** MATERIAL PROVIDED **

——————

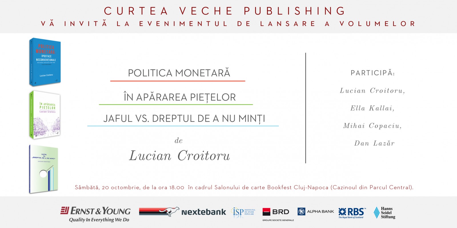 Vă invităm sâmbătă, 20 octombrie, începând cu ora 18.00 la evenimentul de lansare a volumelor „Politica monetară”, „În apărarea pieţelor” şi „Jaful vs. Dreptul de a nu minţi” de Lucian Croitoru. Lansarea va avea loc la etajul I al Centrului de Cultură Urbană Casino din Parcul Central, în cadrul Salonului de Carte Bookfest Cluj-Napoca. La eveniment vor lua cuvântul alături de autor Ella Kallai (economist-şef Alpha Bank), Mihai Copaciu (economist BNR) și Dan Lazăr (Prorector al Universității „Babeş-Bolyai” din Cluj-Napoca).
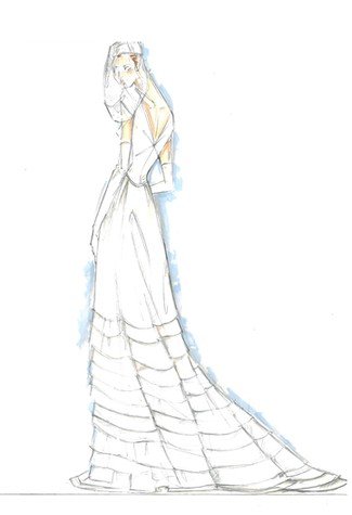 這種傳統(tǒng)款式的婚紗的特點(diǎn)是合體的上身,收緊的腰部以及飽滿的裙子。腰線可以恰好在腰部,也可以略低一些,甚至可以放到接近臀部的位置。這種款式的婚紗都配有定型用的襯裙。
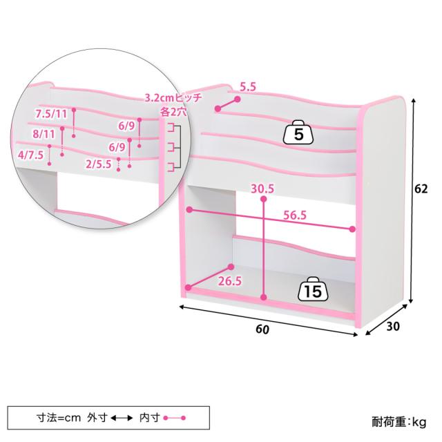 《 LH11659 ブックラック 子供用 子ども用 マガジンラック 雑誌 本 書籍 ブックシェルフ 子ども部屋 子供部屋 女の子 男の子 子供家具 キッズ家具 リビング 部屋 入学 入園 プレゼント お祝い 入学準備 シンプル ホワイト ピンク ブラウン 白 茶 幅60×奥行30×高さ62cm 》
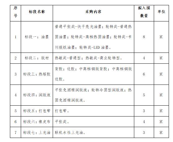 三、征集項(xiàng)目簡介:本項(xiàng)目征集人為中南出版?zhèn)髅郊瘓F(tuán)股份有限公司(以下簡稱“征集人”),湖南省印刷物資有限責(zé)任公司(以下簡稱“采購人”)根據(jù)征集結(jié)果實(shí)施采購,承擔(dān)框架協(xié)議和采購合同的簽訂與執(zhí)行。本次采購范圍為主要印刷輔料,涵蓋油墨、版材、熱熔膠、潤版液、打包帶、橡皮布、上光油七大類,劃分為7個標(biāo)段。若某標(biāo)段通過資格審查的供應(yīng)商數(shù)量小于擬入圍家數(shù),為保證項(xiàng)目競爭性,推薦入圍供應(yīng)商數(shù)量縮減為N-1,其中N是指通過資格符合性審查的供應(yīng)商的數(shù)量,征集人也有權(quán)針對該標(biāo)段重新組織采購。具體標(biāo)段劃分如下:
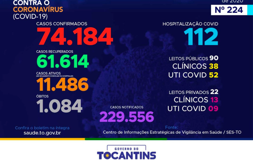 Desta forma, hoje o estado soma 229.556 pessoas notificadas com a Covid-19 e acumula 74.184 casos confirmados. Destes, 61.614 pacientes estão recuperados, 11.486 pacientes seguem em isolamento domiciliar ou hospitalar e 1.084 pacientes foram a óbito.

——————

** DESCRIPTION OF THE TASK **
Each line of the data above must be reproduced as written. Skip the pictures.

** SOLUTION TO THIS EXERCISE **
 Vă invităm sâmbătă, 20 octombrie, începând cu ora 18.00 la evenimentul de lansare a volumelor „Politica monetară”, „În apărarea pieţelor” şi „Jaful vs. Dreptul de a nu minţi” de Lucian Croitoru. Lansarea va avea loc la etajul I al Centrului de Cultură Urbană Casino din Parcul Central, în cadrul Salonului de Carte Bookfest Cluj-Napoca. La eveniment vor lua cuvântul alături de autor Ella Kallai (economist-şef Alpha Bank), Mihai Copaciu (economist BNR) și Dan Lazăr (Prorector al Universității „Babeş-Bolyai” din Cluj-Napoca).
 這種傳統(tǒng)款式的婚紗的特點(diǎn)是合體的上身,收緊的腰部以及飽滿的裙子。腰線可以恰好在腰部,也可以略低一些,甚至可以放到接近臀部的位置。這種款式的婚紗都配有定型用的襯裙。
 《 LH11659 ブックラック 子供用 子ども用 マガジンラック 雑誌 本 書籍 ブックシェルフ 子ども部屋 子供部屋 女の子 男の子 子供家具 キッズ家具 リビング 部屋 入学 入園 プレゼント お祝い 入学準備 シンプル ホワイト ピンク ブラウン 白 茶 幅60×奥行30×高さ62cm 》
 三、征集項(xiàng)目簡介:本項(xiàng)目征集人為中南出版?zhèn)髅郊瘓F(tuán)股份有限公司(以下簡稱“征集人”),湖南省印刷物資有限責(zé)任公司(以下簡稱“采購人”)根據(jù)征集結(jié)果實(shí)施采購,承擔(dān)框架協(xié)議和采購合同的簽訂與執(zhí)行。本次采購范圍為主要印刷輔料,涵蓋油墨、版材、熱熔膠、潤版液、打包帶、橡皮布、上光油七大類,劃分為7個標(biāo)段。若某標(biāo)段通過資格審查的供應(yīng)商數(shù)量小于擬入圍家數(shù),為保證項(xiàng)目競爭性,推薦入圍供應(yīng)商數(shù)量縮減為N-1,其中N是指通過資格符合性審查的供應(yīng)商的數(shù)量,征集人也有權(quán)針對該標(biāo)段重新組織采購。具體標(biāo)段劃分如下:
 Desta forma, hoje o estado soma 229.556 pessoas notificadas com a Covid-19 e acumula 74.184 casos confirmados. Destes, 61.614 pacientes estão recuperados, 11.486 pacientes seguem em isolamento domiciliar ou hospitalar e 1.084 pacientes foram a óbito.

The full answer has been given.